THE PRODUCTION OF SUGARS AND STARCHES

The next step in the process, the conversion of formaldehyde into sugars and starches, is not necessarily a photosynthetic one, as it can be brought about by protoplasm which contains no chlorophyll or other energy-absorbing pigment. It is, however, a characteristic synthetic activity of living protoplasm.

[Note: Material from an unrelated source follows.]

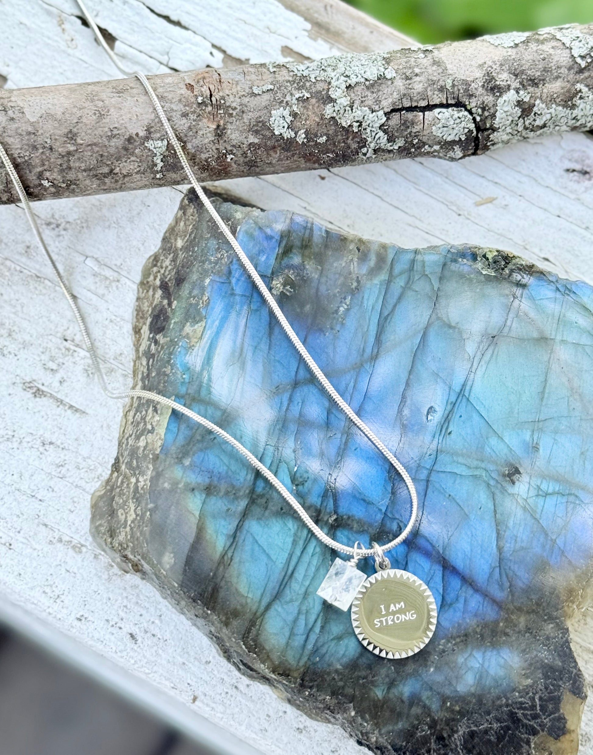 - Includes a stainless steel pendant with the wording "I AM STRONG" and a moonstone pendant for strength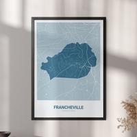 Wähle Farben und Layouts, die perfekt zu dir passen. Ob als klassische Karte in schwarz-weiß oder in modernen Farben. Bei Cartida kannst du ein Design in deinen Lieblingsfarben wählen. Erstelle eine Variante von Francheville, die perfekt zu dir und deiner Wohnung passt.

There is little definite knowledge as to how the cell protoplasm accomplishes this important task. As has been pointed out, the polymerization of formaldehyde into a sugar-like hexose, known as "acrose," can be easily accomplished by ordinary laboratory reactions, and acrose can be converted into glucose or fructose by a long and difficult series of transformations. But such processes as are employed in the laboratory to accomplish these artificial synthesis of optically-active sugars from formaldehyde can have no relation whatever to the methods of condensation which are used by cell protoplasm in its easy, almost instantaneous, and nearly continuous accomplishment of this transformation. Furthermore, these simple hexoses are by no means the final products of cell synthesis, even of carbohydrates alone. In many plants, starch appears as the final, if not the first, product of formaldehyde condensation. At least, the transformation of the simple sugars, which may be supposed to be the first products, into starch is effected so nearly instantaneously that it is impossible to detect measurable quantities of these sugars in the photosynthetically active cells of such plants. Other species of plants always show considerable quantities of simple sugars in the vegetative tissues, and some even store up their reserve carbohydrate food material in the form of glucose or sucrose. Attempts have been made to associate the type of carbohydrate formed in cell synthesis with the botanical families to which the plants belong, but with no very great success. For each individual species, however, the form of carbohydrate produced is always the same, at least under normal conditions of growth. For example, the sugar beet always stores up sucrose in its roots, although under abnormal conditions considerable quantities of raffinose are developed. Similarly, potatoes always store up starch, but with abnormally low temperatures considerable quantities of this may be converted into sugar, which becomes starch again with the return to normal conditions.

While it is impossible, with our present knowledge, to even guess at the mechanism by which protoplasm condenses formaldehyde into sugars and these, in turn, into more complex carbohydrates, the structure and relationships to each other of the final products of photosynthesis are well known, and are discussed at length in the following chapter.